* **ACTION ITEM**
The required output is a verbatim transcription of the listing, pictures excluded.

___ RECORDED INFORMATION ___

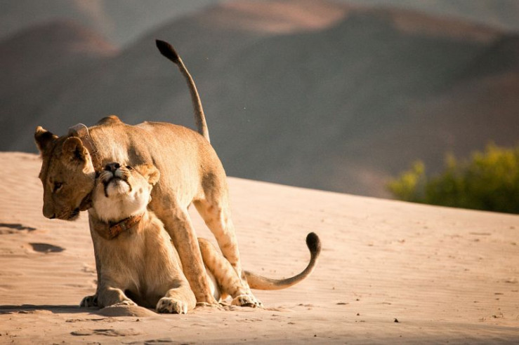 Das Trockengebiet Kaokoveld liegt zwischen den orangefarbenen Dünen der Namib, den einsamen Stränden der Skelettküste und den felsigen Schluchten des Kunene-Flusses. Auf der Jagd nach Beute legen die Löwen lange Strecken zurück, denn auch Antilopen und Gazellen sind ständig unterwegs auf der Suche nach dem spärlichen Grün in dieser kargen Landschaft. Die lebensfeindlichen Bedingungen, aber auch der Vormarsch von landwirtschaftlichen Industrien, haben den Bestand dieser einzigartigen Tiere gefährdet.
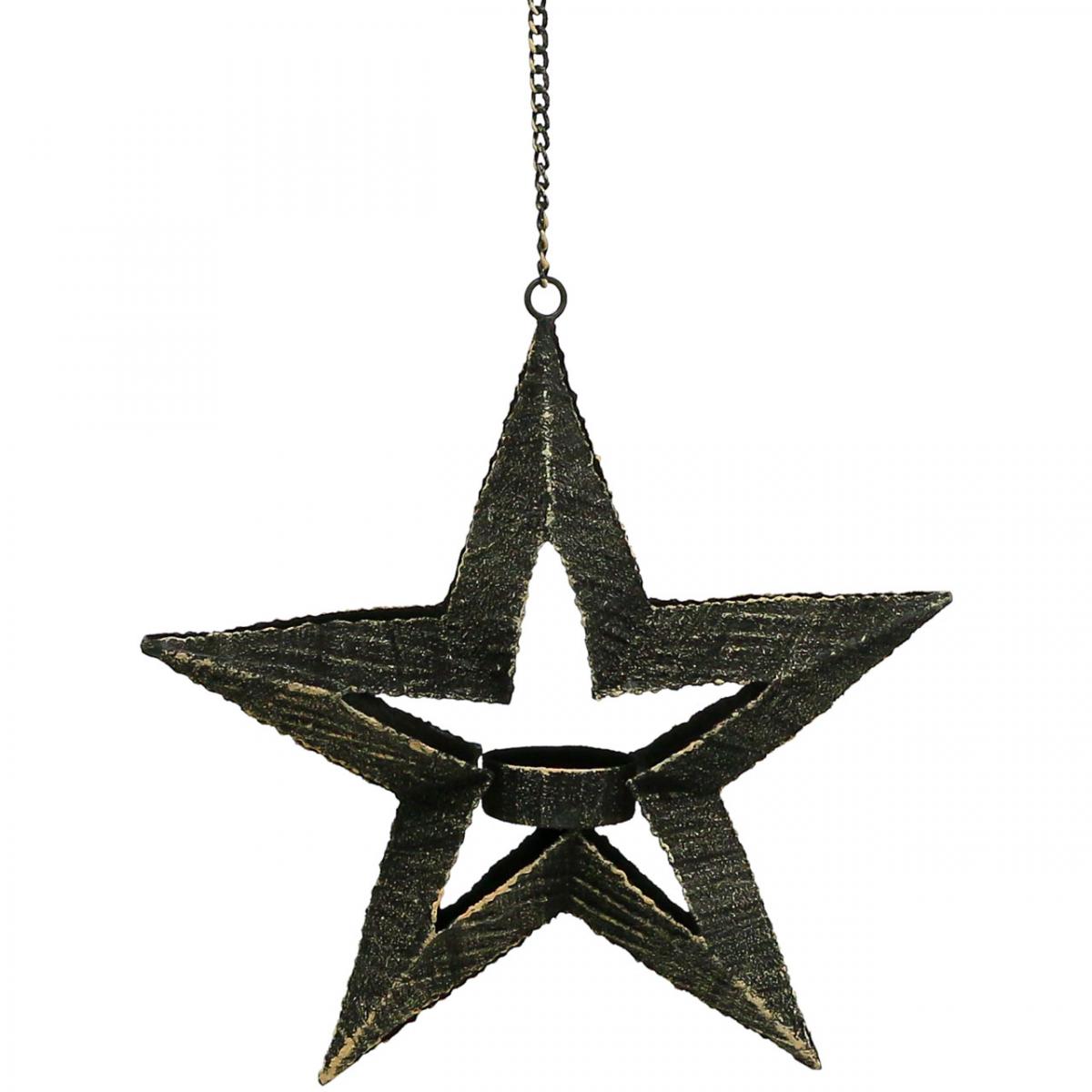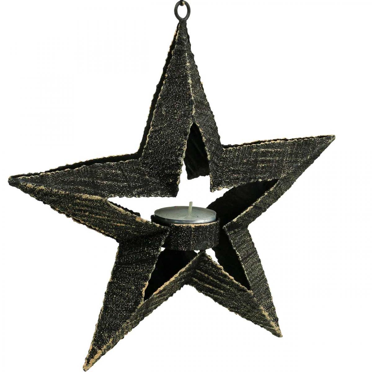Der bezaubernde Teelichthalter aus Metall besteht aus zwei zusammenhängenden Sternen. Diese zeigen in der Mitte eine ebenfalls sternförmige Aussparung. Dort sitzt auch die Halterung für ein Teelicht.
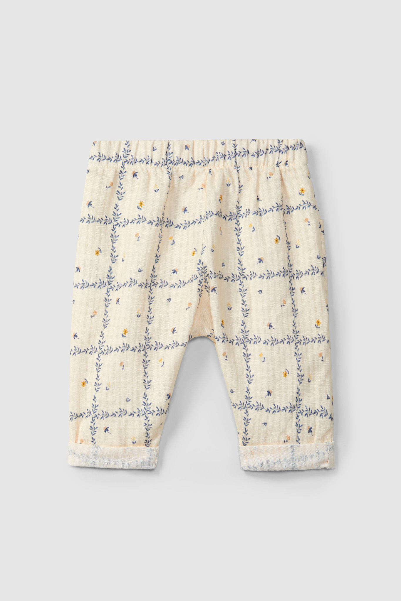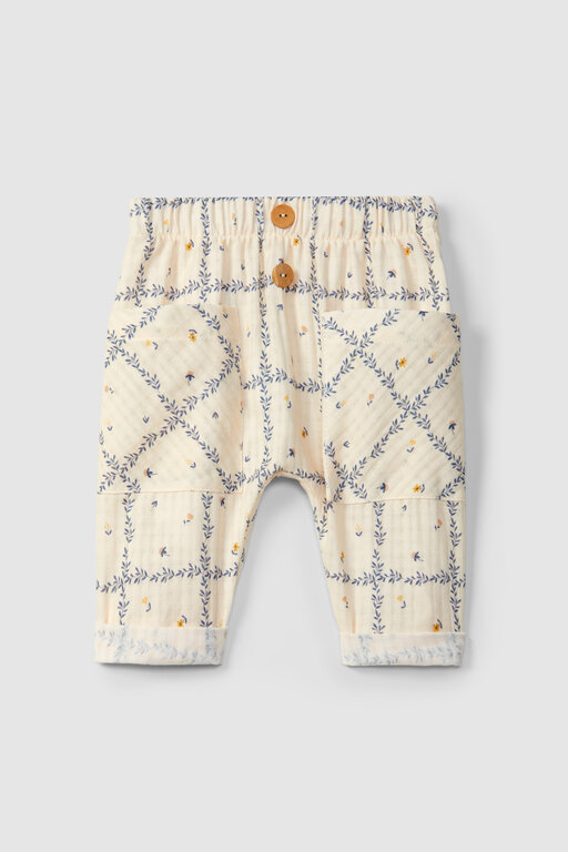 Pull-up pants in 100% soft cotton printed with textured base. Detail of functional front pockets and decorative wooden buttons. Cuffs can be used rolled up or rolled down for added durability.

___

* **ANSWER SECTION**
 Das Trockengebiet Kaokoveld liegt zwischen den orangefarbenen Dünen der Namib, den einsamen Stränden der Skelettküste und den felsigen Schluchten des Kunene-Flusses. Auf der Jagd nach Beute legen die Löwen lange Strecken zurück, denn auch Antilopen und Gazellen sind ständig unterwegs auf der Suche nach dem spärlichen Grün in dieser kargen Landschaft. Die lebensfeindlichen Bedingungen, aber auch der Vormarsch von landwirtschaftlichen Industrien, haben den Bestand dieser einzigartigen Tiere gefährdet.
Der bezaubernde Teelichthalter aus Metall besteht aus zwei zusammenhängenden Sternen. Diese zeigen in der Mitte eine ebenfalls sternförmige Aussparung. Dort sitzt auch die Halterung für ein Teelicht.
 Pull-up pants in 100% soft cotton printed with textured base. Detail of functional front pockets and decorative wooden buttons. Cuffs can be used rolled up or rolled down for added durability.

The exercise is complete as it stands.